Disiplin Kurulu toplanarak davacının iş aktinin 4857 sayılı Yasanın 25/2-e bendi gereğince bildirimsiz olarak sonlandırılmasına karar vermiştir.
Davacıya ait görev tanımında ise "kasa kapanışlarındaki tahsilatı mağaza muhasebeye teslim etmek" görevleri arasında bulunmaktadır.
Feshe konu kasa açığına dair dosyada yer alan deliller yukarıda yer almış olup davacı işçinin kasayı muhasebeciye bırakıp ayrıldığını kabul etmesi, görev tanımı ve tüm deliller gözetildiğinde davacının kullandığı kasada çıkan kasa açığı ile ilgili olarak fesih anında davalı işverence makul bir şüphe bulunduğu ve kaldı ki davacının görev tanımına aykırı olarak kasayı muhasebeye bırakıp tam olarak teslim etmeksizin oradan ayrılmasının da kendi kusurundan kaynaklandığı anlaşılmıştır.
Somut olayda davacının kullandığı kasada sayım esnasında 1000,00 TL açık çıktığına dair kesin deliller yok ise de davacının kendisine ait kasayı hiçbir tedbir almaksızın muhasebe birimine bırakıp gitmek suretiyle muhtemel kasa açığının çıkmasına neden olduğu yönünden kuvvetli şüphenin bulunması nedeniyle hizmet ilişkisinin sürdürülmesinin davalı açısından kabul edilemez hal aldığı, feshin geçerli nedene dayandığı kabul edilmelidir.
Dolayısıyla davalı işverence yapılan feshin haklı nedene dayanmamakla birlikte fesih anında kuvvetli şüphe bulunduğu görülmekle geçerli nedene dayandığı ve dolayısıyla davanın reddine karar verilmesi gerekirken hatalı değerlendirme ile davanın kabulüne karar verilmesi bozmayı gerektirmiştir.
4857 sayılı İş Yasasının 20/3 maddesi uyarınca Dairemizce aşağıdaki şekilde karar verilmiştir.

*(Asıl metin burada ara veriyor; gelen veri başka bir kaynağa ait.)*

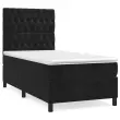 Uporabite to box spring posteljo za uživanje v mirnem spancu! Ponuja maksimalno sprostitev in prijeten spanec. Mehak žamet: Žamet je mehka in razkošna tkanina, ki jo prepoznamo po gostem kupu enakomerno rezanih gladkih vlaken. Žametna tkanina ima značilen mehak občutek, zaradi česar je prijetna na dotik.Praktično vzglavje: Vzglavje postelje je nastavljivo po višini po vaših željah. To vzglavje za posteljo vam zagotavlja odlično oporo za hrbet, ko sedite na postelji in berete ali gledate filme.Ležišče z žepkastimi vzmetmi: Vgrajena individualna žepkasta vzmet je znana po zelo visoki kakovosti, hkrati pa zagotavlja visoko stopnjo vzdržljivosti in prilagodljivosti. Lahko učinkovito absorbira hrup in udarce, ki jih povzročata metanje in obračanje.Srednje trda opora: Posteljna vzmetnica odlično zagotavlja dodatno stabilnost in ravno pravšnjo stopnjo čvrstosti, ne da bi pri tem žrtvovala udobje. Zato je idealna za tiste, ki spijo na hrbtu ali trebuhu.Koži prijazen nadvložek: Zaščita za ležišče ima trpežno in koži prijazno tkanino, zaradi česar je mehka in udobna. Opomba:Zaradi higienskih razlogov vzmetnice ni mogoče vrniti po odstranitvi ali odprtju embalaže.Vsakemu izdelku je priložen priročnik za enostavno sestavljanje.Postelja:Barva: ČrnaMaterial: Žamet (100 % poliester), vezan les, konstruiran lesDimenzije: 203 x 90 x 118/128 cm (D x Š x V)Vzmetnica za posteljo:Barva: Bela in črnaMaterial: Žamet (100 % poliester)Material polnila: Žepkaste vzmeti, penaDimenzije: 90 x 200 x 20 cm (Š x D x V)Nadvložek:Barva: BelaMaterial nadvložka: Blago (100 % poliester)Material polnila: PenaDimenzije: 90 x 200 x 5 cm (Š x D x V)Paket vsebuje:1 x Posteljni okvir1 x Vzglavje1 x Vzmetnica1 x Nadvložek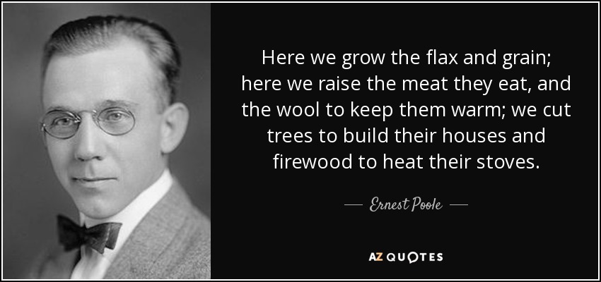 Here we grow the flax and grain; here we raise the meat they eat, and the wool to keep them warm; we cut trees to build their houses and firewood to heat their stoves.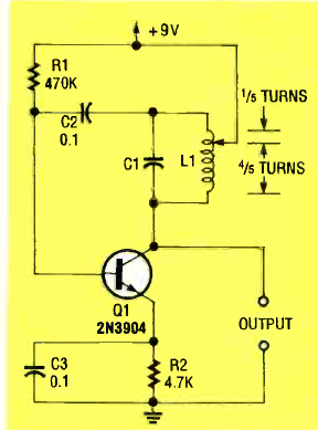 Encontrado na revista Electronics Now de dezembro de 1993 este oscilador tem a configuração clássica. A frequência depende de L1, podendo chegar a algumas dezenas de megahertz.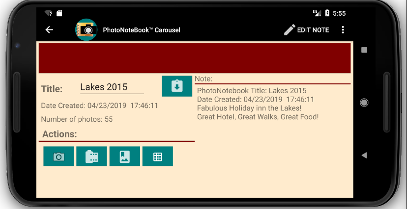 PhotoNoteBook™ is a fully functioning combined photograph and note manager for Android™ powered tablets and phones, unashamedly aimed at larger screened phones and tablet devices. PhotoNoteBook™ was designed with the needs of serious hobby photographers, students and fieldworkers foremost in mind.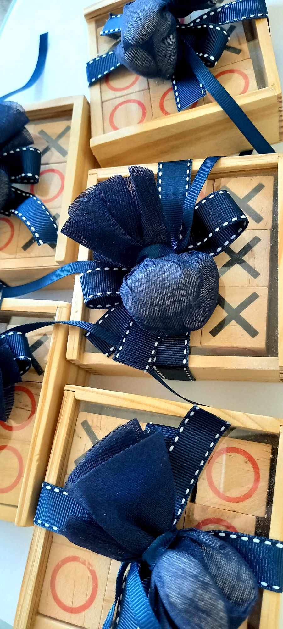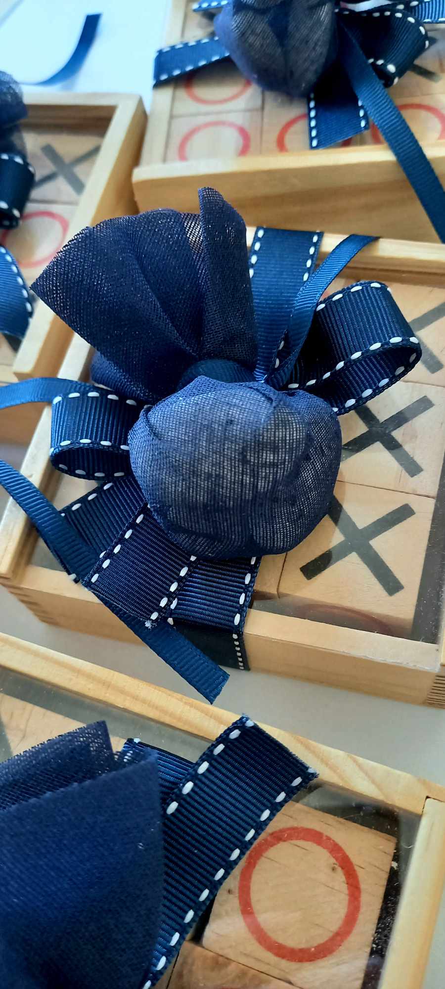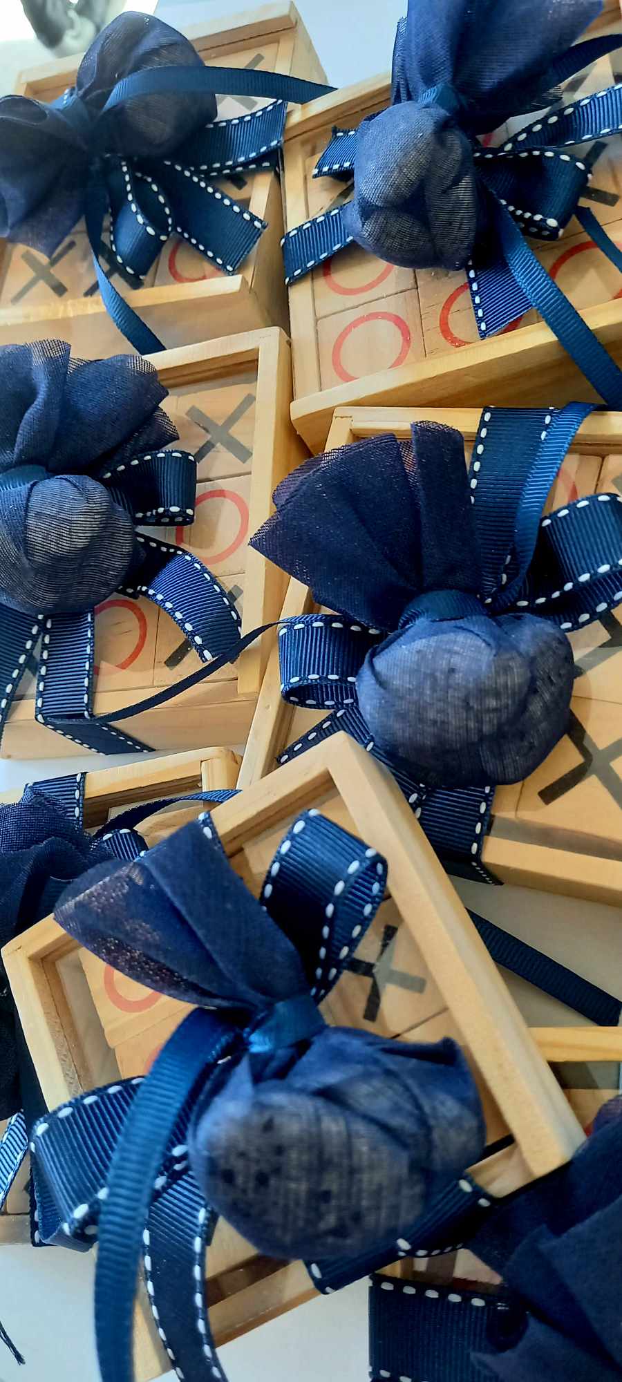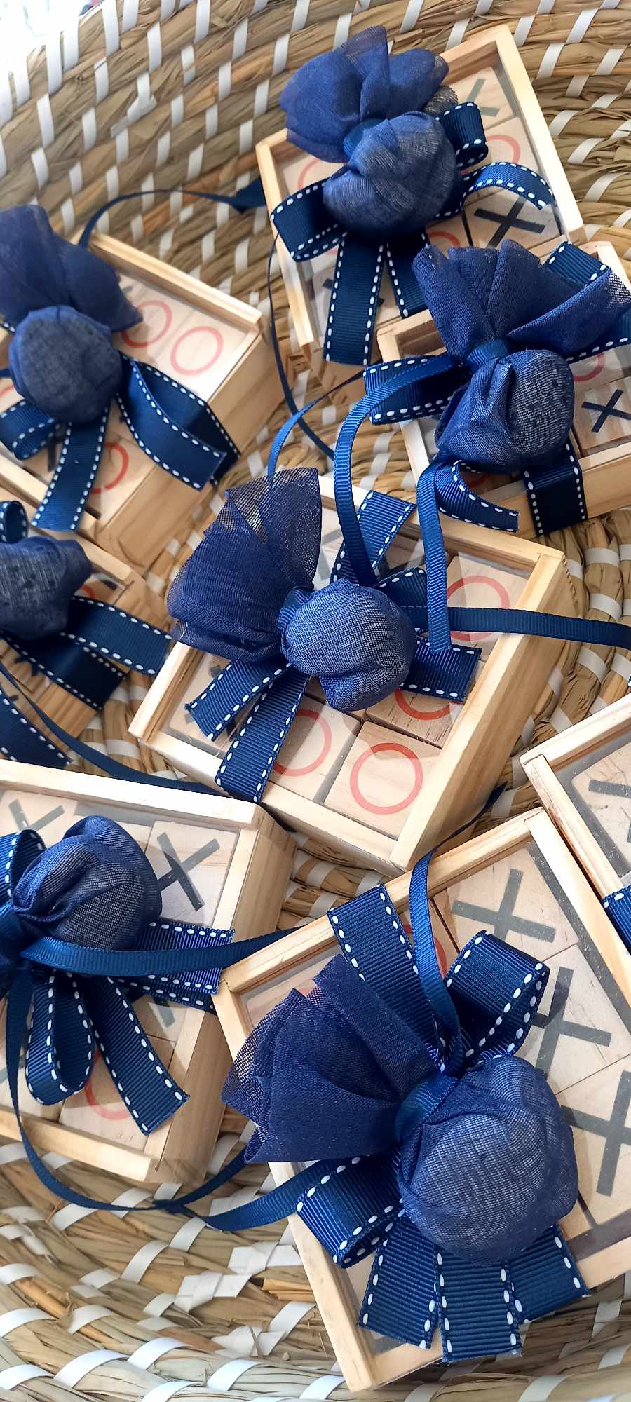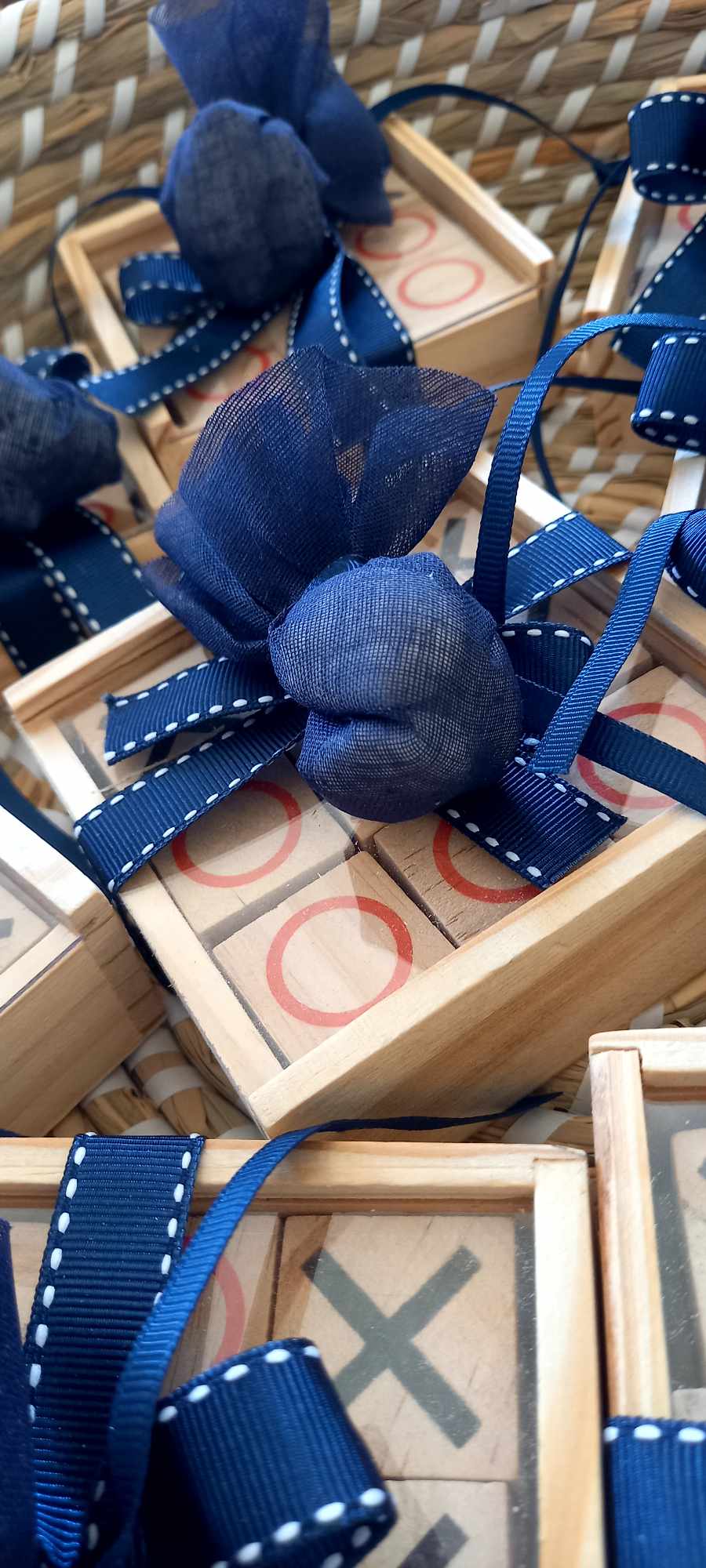 Περιλαμβάνει τρία κουφέτα crispy Χατζηγιαννάκη τυλιγμένα σε γάζα και δεμένα με γκρο κορδέλα σε απόχρωση navy blue και λευκή ραφή.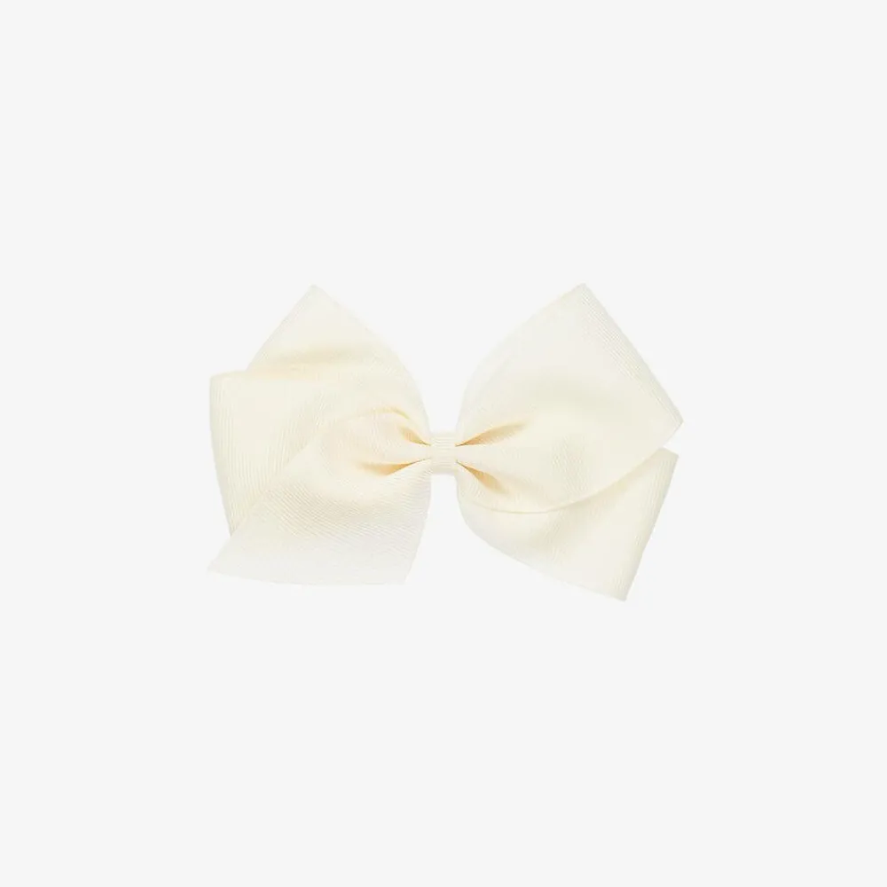 Girls lovely ivory bow hair clip by Peach Ribbons, handmade from grosgrain ribbon and set on a metal clip.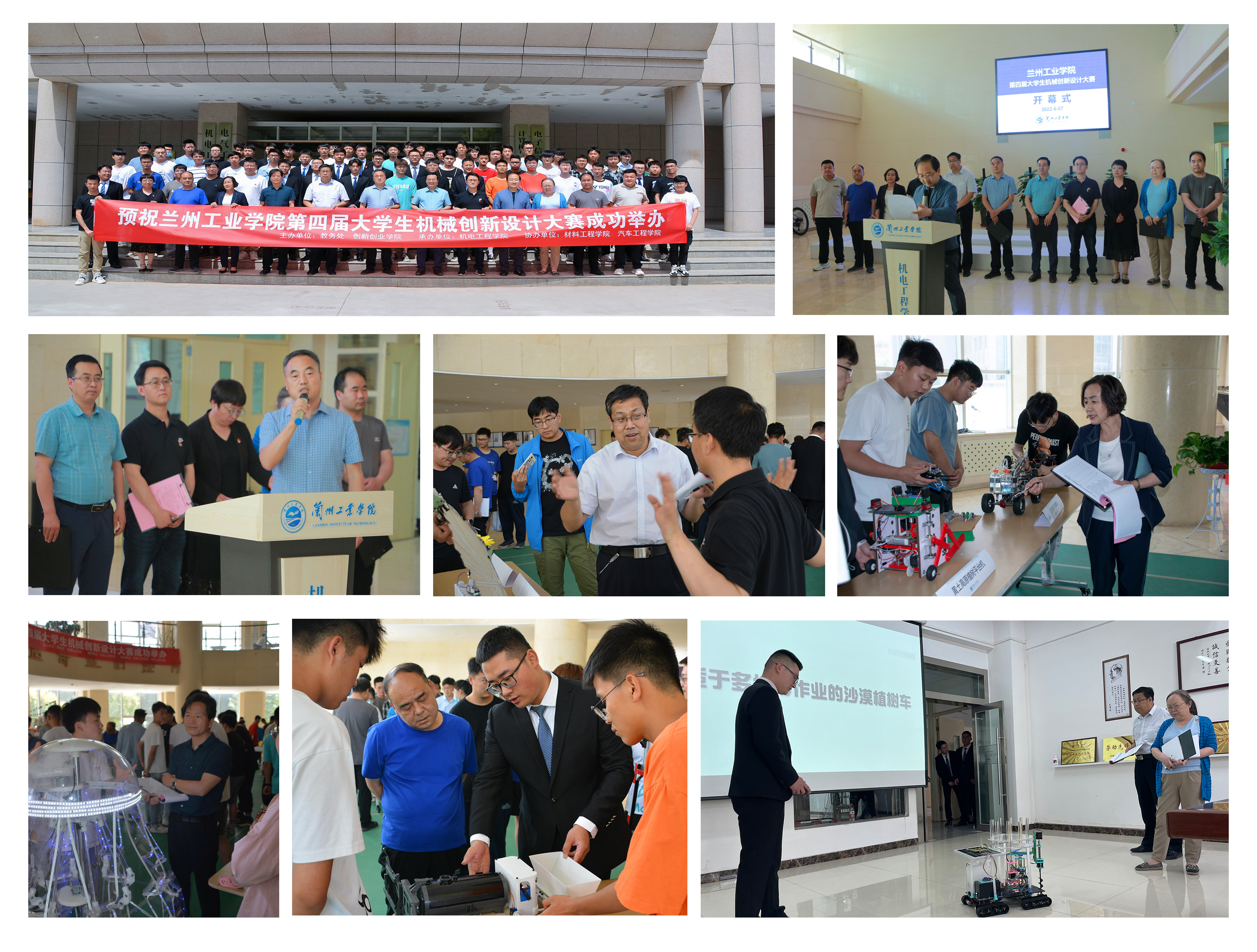 6月7日下午,由教务处、创新创业学院主办,机电工程学院承办,汽车工程学院、材料工程学院协办的学校第四届大学生机械创新设计大赛暨甘肃省第三届大学生机械创新设计大赛选拔赛在科技楼举行。教务处、创新创业学院负责人和来自相关学院的7位评委专家,以及进入校赛决赛阶段的90余名师生代表参加大赛开幕式。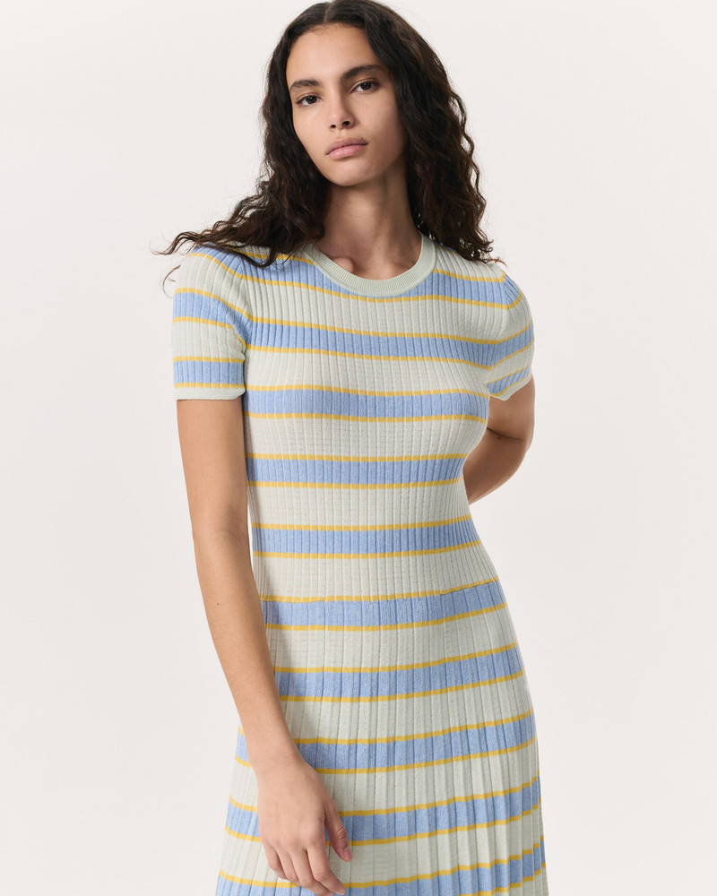 - rag & boneEloise Striped Rib-Knit Pleated Midi Dress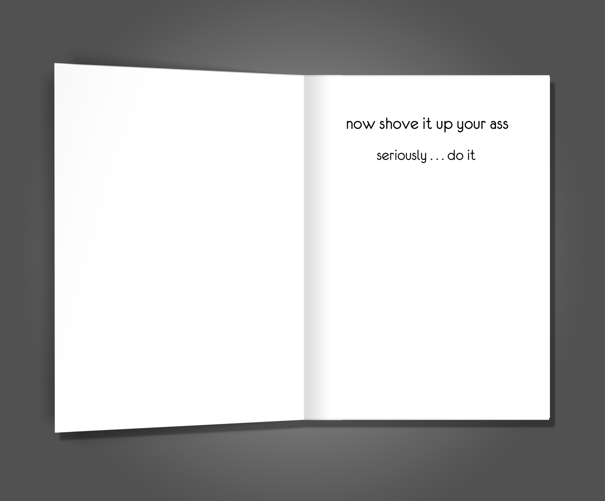 INSIDE WORDING:Â now shove it up your ass. seriously . . . do it

SONUÇ: Yukarda açıklanan gerekçe ile;
1.Mahkemenin kararının BOZULARAK ORTADAN KALDIRILMASINA,
2.Davanın REDDİNE,
3.Alınması gereken 29,20 TL harçtan peşin yatırılan 27.70 TL harcın mahsubu ile bakiye 1,50 TL harcın davacıdan alınarak Hazineye gelir kaydına,
4.Davacının yaptığı yargılama giderinin üzerinde bırakılmasına, davalının yaptığı yargılama gideri 84,20 TL"nin davacıdan tahsili ile davalıya ödenmesine,
5.Karar tarihinde yürürlükte bulunan AAÜT"ne göre 1.800,00 TL avukatlık ücretinin davacıdan alınarak davalıya verilmesine,
6.Artan gider ve delil avansının ilgilisine iadesine,
7.Peşin alınan temyiz harcının isteği halinde davalıya iadesine, 30/05/2016 gününde oybirliğiyle KESİN olarak karar verildi.